Location
- 3100 S. Avenue A Yuma, Arizona 85364 United States 32°40′27″N 114°38′08″W﻿ / ﻿32.674247°N 114.635468°W

Information
- Type: Public high school
- Established: 1959 (67 years ago)
- School district: Yuma Union High School District
- CEEB code: 030568
- Principal: Joseph Daily
- Staff: 87.00 (FTE)
- Grades: 9–12
- Enrollment: 2,323 (2023-2024)
- Student to teacher ratio: 26.70
- Colors: Crimson and white
- Mascot: Kings
- Website: www.yumaunion.org/kofa

= Kofa High School =

Kofa High School is a high school in Yuma, Arizona. It is one of seven high schools part of the Yuma Union High School District.

It was the second high school to be established in the community. The school shares its name with the Kofa Mountains, which were named for the King of Arizona gold mine, discovered in King Valley in 1896 and active from 1897 to 1910. The mine used to stamp its property "K of A", and is commonly known as the Kofa Mine. The school draws its mascot, the King, from the mine as well.

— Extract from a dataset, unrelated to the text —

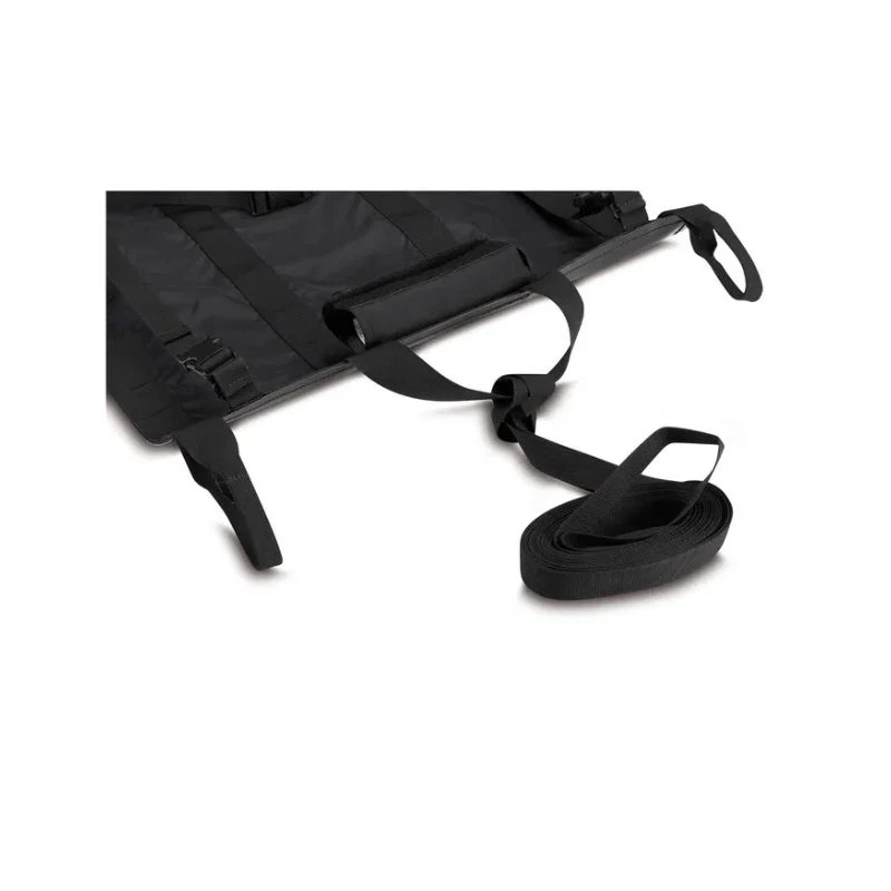 Es fácil de transportar y desplegar gracias a que la PAX Camilla Enrollable Evac – táctica es muy compacta. En caso de emergencia, la camilla también puede ser manejada por una sola persona. La camilla puede ser remolcada utilizando la eslinga de remolque de 3 metros. Para ello, la base está reforzada con una placa de LDPE. La eslinga de remolque se guarda en una pequeña bolsa en el extremo de la cabeza para ahorrar espacio.

Designed in 1959 by the Phoenix architecture firm of Edward L. Varney Associates. It was built by D. O. Norton and Son Construction Co. also of Phoenix. Major renovations were completed on the ageing campus in 2019 designed by DLR Group Architects. As of 2023, Kofa High School is ranked No. 4 in Yuma County.

Liberty Military Housing of Marine Corps Air Station Yuma is assigned to this high school.

==Notable alumni, attendants, and faculty==

- Cain Velasquez, two-time Arizona State Wrestling Champion; professional mixed martial artist; former UFC Heavyweight champion
- Roger L. Worsley, later a college president and administrator in Texas and Arkansas, taught at Kofa 1959–1962
- Regina Romero, Mayor of Tucson, AZ, 2019–present.